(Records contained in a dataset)

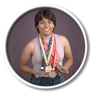 Mokshada has excelled in fencing, community service, and literature, earning the Women’s Achiever Award, Best Community Server Award, and Best Literary Book Award. She won gold medals in state and national fencing events, a silver at Khelo India Youth Games, and continues to demonstrate excellence across diverse fields.
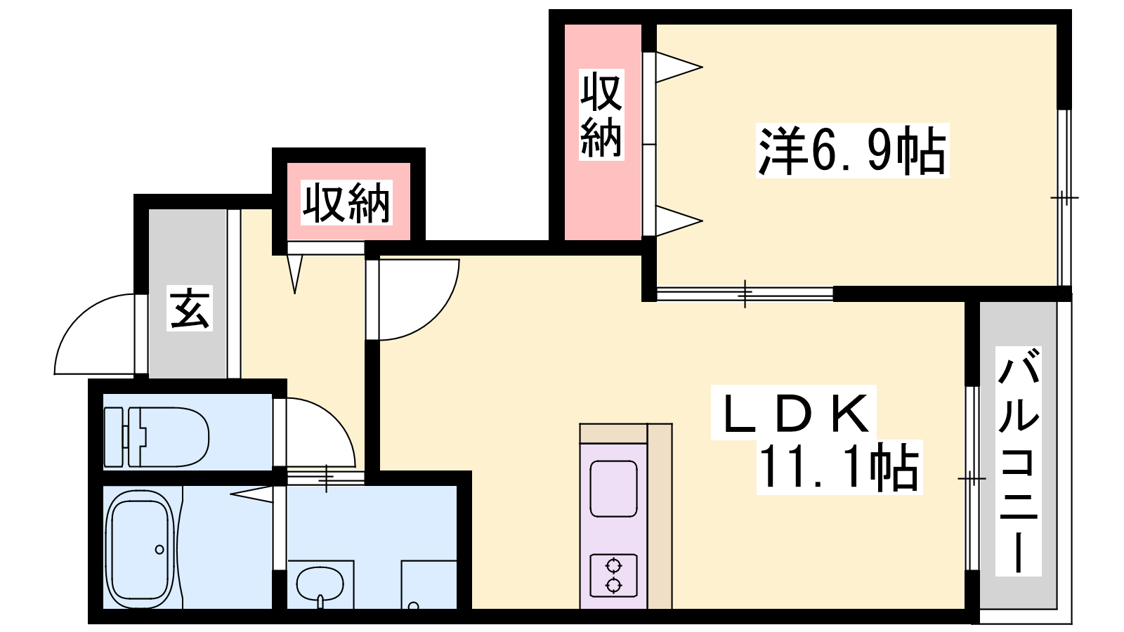 - LDK11.1帖、洋室6.9帖
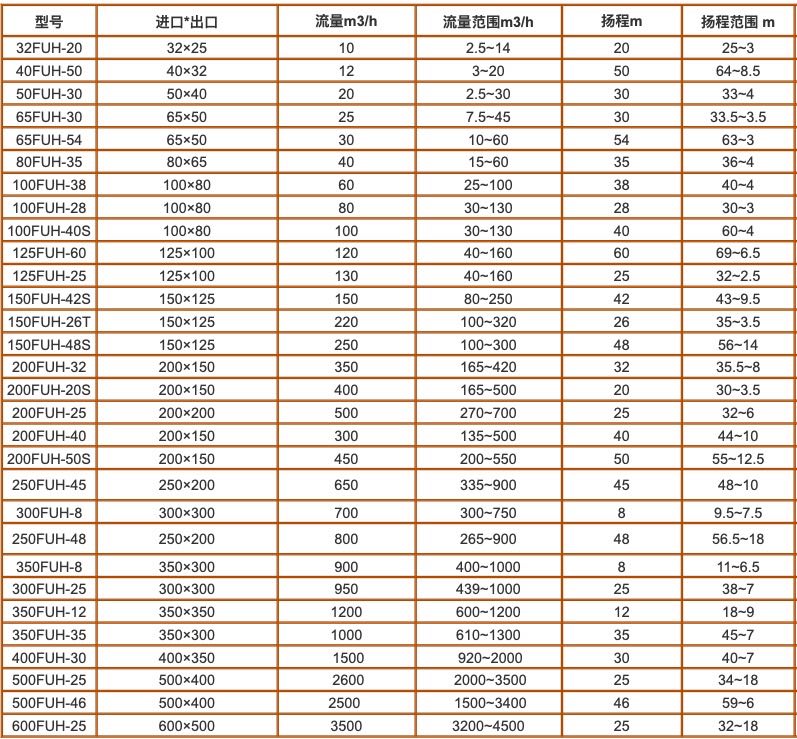 FUH系列工程塑料泵是在消化吸收引進設備的基礎上,結合國內耐腐蝕離心泵結構的優點精心設計而成,該系列泵過流部件采用超高分子量聚乙烯(UHMWPE)制作,其耐腐蝕性能優良、耐磨性能優異(居各種塑料之首)、耐沖擊性能強。泵的密封分別采用機械密封、動力密封和填料密封等多種密封形式,既可以輸送酸堿清液,也可以輸送含固體顆粒的料漿和含各種雜質的污水,尤其在輸送含細顆粒的腐蝕性液體和輸送氫氟酸、氟硅酸、磷酸、混酸、電解液、鹽酸、稀硫酸、濃堿等方面顯示了優良性能。
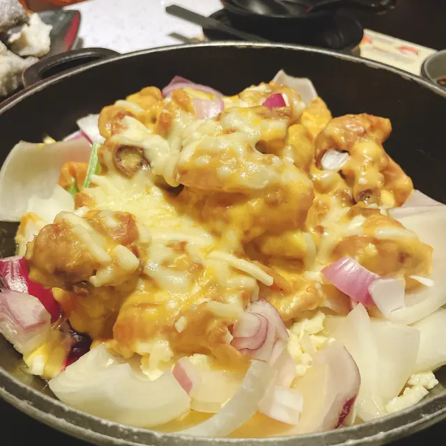 前晚同三位朋友喺觀塘睇戲前快閃入米走雞Live醫肚。店內工業風配霓虹,枱距尚可,抽風算得力,唔焗促;燈光偏亮,食物好上鏡📸。門口等位約18分鐘⏳,店員步伐爽快,帶位上菜利落。背景歌輕快偏熱鬧,談天聲量OK,適合趕時間嘅飯局同朋友聚一聚🏃♀️🍽️。黃金芝士雞煲 💛💛💛💛:雞件去骨易夾,肉滑不柴;芝士醬濃而不死鹹,帶少少辣粉提味,撈麵撈飯都邪惡🧀🔥,偏膩但四人share啱啱好。鳳城水餃 💛💛💛:餃皮厚身略彈,餡料實淨;湯底清中帶鮮,鹹度重半級,影相一般但穩陣之選😌。鮮製韭菜餃 💛💛💛💛:咬開爆汁,韭香突出而不辛,豬肉比例得體,點鎮江醋更醒胃,連吃兩粒都唔會膩🥟。米走雞皇牌拼盤 💛💛💛💛:一上枱顏值高📸,炸物脆而不油,滷味入味帶淡淡香料氣,口感層次多,配啤酒更夾。霜降prime牛板腱 💛💛💛💛:油花平均,落鍋兩三秒即食,嫩而有嚼,牛味濃;蘸返雞煲邊醬更添香氣與厚度🐮。花雕醉雞件 💛💛💛💛:花雕酒香馥郁但不烈,雞皮爽滑帶啫喱感,鹽度控制得宜,冰涼入口更舒服🍶🍗。棉花肚 💛💛💛:孔隙多吸汁力強,爽彈帶微脆;需煮耐少少先去羶,吸滿芝士醬後幾過癮,單吃就較普通。等位約18分鐘,翻枱快;整體賣相高分,芝士瀑布同拼盤都相當「呃like」📸。味道大致對辦,與名氣相符,唔係淨係得個樣;以雞煲、牛板腱、醉雞最穩陣,水餃與棉花肚屬中規中矩。價錢以觀塘商場計算合理,趕住入場前醫肚幾方便😋👍。…查看更多
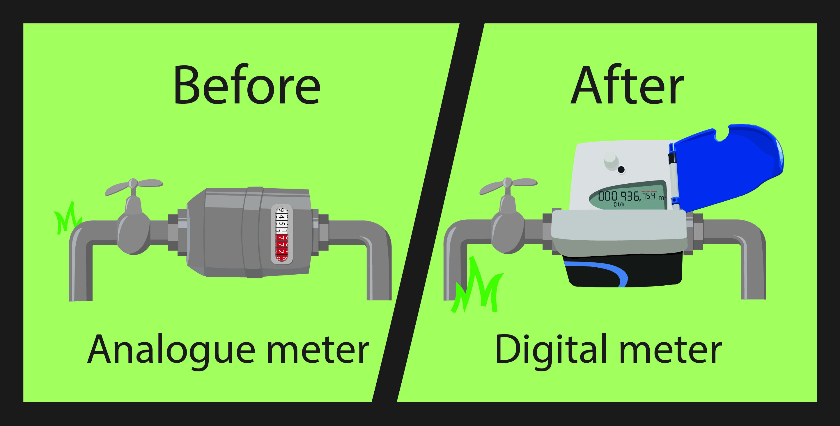 Installation will involve removal of the existing analogue meter, and immediately replacing it with a new meter. Customers can expect up to 10-15min water supply interruption, but will be advised when this is occuring.
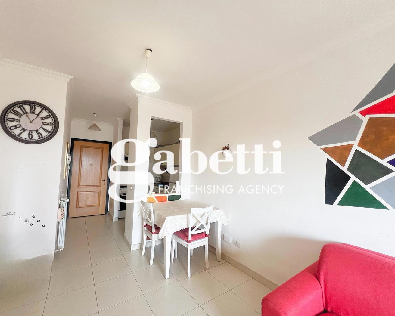 L'appartamento composto da un luminoso salone con cucina a vista, una camera matrimoniale e un bagno.
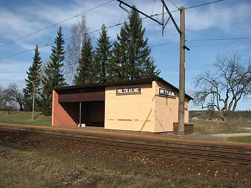 Milzkalne Station is a railway halt located about 1 km (0.62 mi) south the village of Milzkalne in the Courland region of western Latvia.[1] The railway halt is located on the Torņakalns – Tukums II Railway. Not every train stops at the Halt.[2]

> WHAT TO WORK ON
Return the entries verbatim, pictures excluded.

> EXERCISE SOLUTION
 Mokshada has excelled in fencing, community service, and literature, earning the Women’s Achiever Award, Best Community Server Award, and Best Literary Book Award. She won gold medals in state and national fencing events, a silver at Khelo India Youth Games, and continues to demonstrate excellence across diverse fields.
 - LDK11.1帖、洋室6.9帖
 FUH系列工程塑料泵是在消化吸收引進設備的基礎上,結合國內耐腐蝕離心泵結構的優點精心設計而成,該系列泵過流部件采用超高分子量聚乙烯(UHMWPE)制作,其耐腐蝕性能優良、耐磨性能優異(居各種塑料之首)、耐沖擊性能強。泵的密封分別采用機械密封、動力密封和填料密封等多種密封形式,既可以輸送酸堿清液,也可以輸送含固體顆粒的料漿和含各種雜質的污水,尤其在輸送含細顆粒的腐蝕性液體和輸送氫氟酸、氟硅酸、磷酸、混酸、電解液、鹽酸、稀硫酸、濃堿等方面顯示了優良性能。
 前晚同三位朋友喺觀塘睇戲前快閃入米走雞Live醫肚。店內工業風配霓虹,枱距尚可,抽風算得力,唔焗促;燈光偏亮,食物好上鏡📸。門口等位約18分鐘⏳,店員步伐爽快,帶位上菜利落。背景歌輕快偏熱鬧,談天聲量OK,適合趕時間嘅飯局同朋友聚一聚🏃♀️🍽️。黃金芝士雞煲 💛💛💛💛:雞件去骨易夾,肉滑不柴;芝士醬濃而不死鹹,帶少少辣粉提味,撈麵撈飯都邪惡🧀🔥,偏膩但四人share啱啱好。鳳城水餃 💛💛💛:餃皮厚身略彈,餡料實淨;湯底清中帶鮮,鹹度重半級,影相一般但穩陣之選😌。鮮製韭菜餃 💛💛💛💛:咬開爆汁,韭香突出而不辛,豬肉比例得體,點鎮江醋更醒胃,連吃兩粒都唔會膩🥟。米走雞皇牌拼盤 💛💛💛💛:一上枱顏值高📸,炸物脆而不油,滷味入味帶淡淡香料氣,口感層次多,配啤酒更夾。霜降prime牛板腱 💛💛💛💛:油花平均,落鍋兩三秒即食,嫩而有嚼,牛味濃;蘸返雞煲邊醬更添香氣與厚度🐮。花雕醉雞件 💛💛💛💛:花雕酒香馥郁但不烈,雞皮爽滑帶啫喱感,鹽度控制得宜,冰涼入口更舒服🍶🍗。棉花肚 💛💛💛:孔隙多吸汁力強,爽彈帶微脆;需煮耐少少先去羶,吸滿芝士醬後幾過癮,單吃就較普通。等位約18分鐘,翻枱快;整體賣相高分,芝士瀑布同拼盤都相當「呃like」📸。味道大致對辦,與名氣相符,唔係淨係得個樣;以雞煲、牛板腱、醉雞最穩陣,水餃與棉花肚屬中規中矩。價錢以觀塘商場計算合理,趕住入場前醫肚幾方便😋👍。…查看更多
 Installation will involve removal of the existing analogue meter, and immediately replacing it with a new meter. Customers can expect up to 10-15min water supply interruption, but will be advised when this is occuring.
 L'appartamento composto da un luminoso salone con cucina a vista, una camera matrimoniale e un bagno.
 Milzkalne Station is a railway halt located about 1 km (0.62 mi) south the village of Milzkalne in the Courland region of western Latvia.[1] The railway halt is located on the Torņakalns – Tukums II Railway. Not every train stops at the Halt.[2]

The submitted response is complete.